The 15-minute city problem - Who decides?
There’s much spluttering from the professional planning classes over this opposition to 15-minute cities. This is just the latest:
Imagine an old-fashioned British country town. Good citizens strolling down the high street to their friendly baker, grocer and butcher, relaxing in pubs and on cricket fields, their children walking to school, “old maids bicycling to holy communion through the morning mist” as John Major, quoting George Orwell, once put it. This, surely, is the sort of thing Conservatives like.
But no. According to Nick Fletcher, Tory MP for the South Yorkshire constituency of the Don Valley, this way of living is an “international socialist concept”. Specifically, he fears and loathes the idea of the “15-minute city” developed by the Colombian-born Sorbonne professor Carlos Moreno, which proposes that most of what you need or want – places of work, homes, shopping, education, sport, social life, pleasure – be within a 15-minute walk or cycle ride, as in a traditional town or city.
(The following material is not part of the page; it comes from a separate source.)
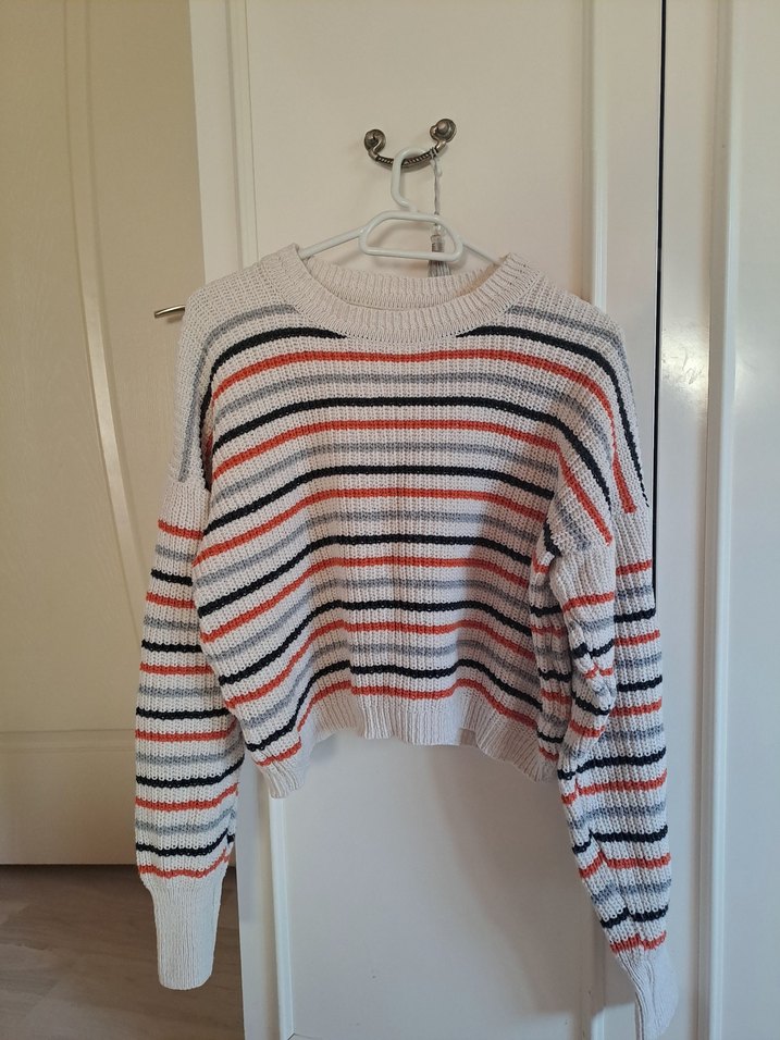 Uzun kollu, yuvarlak yakalı kadın örgü kazak. Beyaz zemin üzerinde gri, siyah ve turuncu çizgili, rahat kesim ve midi boyda. Günlük sokak stili için uygundur.

This, says Fletcher, who seems to be drawing on some of the nuttier claims on the internet, “will take away personal freedoms”. It’s a case of lunacy on stilts as virtuoso as any in the world of conspiracy theories. It also highlights a central question of modern conservatism: do they actually want to conserve things?
There was a similar harrumph and dismissal as lunacy from The Guardian’s planning and architecture guru last week.
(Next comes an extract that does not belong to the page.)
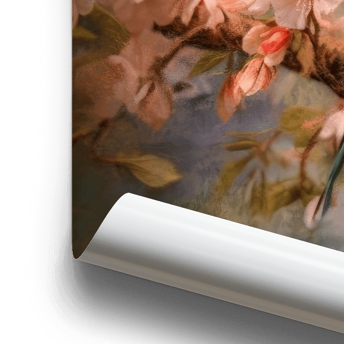 Two colorful parrots sit close together on a branch, surrounded by soft pink blossoms. Their vibrant colors and tender demeanor give this artwork a romantic and dreamy feel. Perfect for interiors that want to bring nature, love, and a touch of poetry into the home.

To be clear - there’s nothing wrong with 15-minute cities. The only interesting or important question is who decides? For undoubtedly some people do like the idea of being able to amble around to all the bits that make life a fun thing. One of us lived in central Bath for years on exactly that basis. How excellent, etc. But there are others who do not enjoy that rural amiability transferred to the urban core. London, with its teeming 8 million, excites more. Or perhaps at a stage of life it does as it did for that same one of us. Or what about the 9 million Britons who live entirely more rurally and to whom having near anything within 15 minutes of them would be an anathema?
The mistake here - and the thing to be revolted by and revolt against - is the ghastly pomposity of those planners. Having noted that some like 15 minutes they then decide that they’d better impose it upon everyone. Which isn’t, at all, how the world is supposed to work.
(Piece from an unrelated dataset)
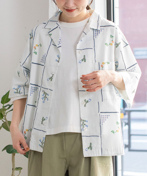 アンティーククロス風のステッチイラストをプリントしたオリジナルのテキスタイル。メンズライクな開襟シャツがデザインソースのオープンカラーシャツ。ボタンを上まで留めるとフラットカラーにもなります。いつもより少し大きめのボタンと左胸ポケットがさりげないポイント。羽織としても使えます。◆注意事項◆可能な限り実物に近いカラーにて掲載しておりますが、ご使用のパソコンやスマートフォンなどの端末の環境によって、実際の色味と異なって見える場合がございます。予めご了承ください。サンプルで撮影している商品もございます。その場合、実際の商品とは色味・仕様が異なる場合がございますので、予めご了承ください。POU DOU DOU プードゥドゥひと手間加えた存在感のある「日常着」いつまでもときめきとかわいいを忘れない方への愛着を持てるワードローブ= お気に入り登録がおすすめ!=お得な情報をいち早くお届け致します。アイテムをお気に入り⇒ SALE START / 完売COLOR再入荷 / LAST1点 etc...ブランドをお気に入り⇒新商品 / 再入荷 /クーポン・セール情報 etc...

As Jane Jacobs was fond of pointing out the desirable cityscape, that urban environment, is something that grows organically, not something that is planned or imposed. The 15 minutes isn’t the international socialist conspiracy, it’s the imposition of the one plan fits all which is.
This is not a new mistake of course. As it happens Roy Hattersley talks about his work in Sheffield 60 years back:
He claimed, with the authority that came from years of poverty on Labour party pay, that the working man’s ambition was to live in a “decent-sized cottage with a bit of garden at the back”
So, instead and of course, they built stack-a-prole worker flats in the worst Brezhneviki style of a kind which stemmed from “an admiration for the brutalist housing developments in Soviet-occupied eastern Europe.”
We see the same even further back than that, in David Kynaston’s (“A World To Build” etc) collections of Mass Observation notes. The planners were going to stick the bombed-out working classes into tower blocks instead of the des res with front and back garden desired. After all, Europeans lived like that therefore so should the English.
One problem with this being that a different population with a different culture might not desire that same style of housing. The other being that the planners hadn’t actually understood the European housing culture. Those flats near always come with the country cottage (oversized allotment, dacha, chalupa and so on). The flats are to huddle in for the winter, those country places - normally in a wide ring right around the town or city, where we seem to have Green Belt that cannot be disturbed - to expand into over the summer. The European system depends, that is - to a large extent - on everyone having a holiday home.
Not only were the planners trying to impose an alien housing culture they didn’t even understand the one they were trying to impose. No, allotments don’t make up the gap for what is the one absolute about a British allotment? You’re not allowed to stay there overnight nor build anything even remotely shack-like where anyone could.
Planning by the informationally incompetent does not a happy society make. But then there’s the grand problem being faced by planners. The UK currently has, apparently, 67.33 million people. That’s therefore - by definition - 67.33 million individual utility functions. The aim of society being to optimise, as best is possible, each and every one of those 67.33 million utility functions. It is impossible for the central planner to even know what these utility functions are let alone how to optimise them. Therefore central planning does not work as a method of optimisation.
But the grand delusion of the very idea of scientific socialism is that the planner can know and can optimise. Which is why we’ve had this past century of British architects and city planners attempting to force-feed the population into urban landscapes which aren’t, in fact, optimising. As at the top, it’s that forcing which is the socialist conspiracy.
The grand lesson of the 20th century is that socialist planning doesn’t work. We, humanity, did test that model to its destruction. So, dear urban planners, please stop trying to impose that not just clapped out but proven to be wrong model.
In fact, don’t just stop trying to plan cities, please go away.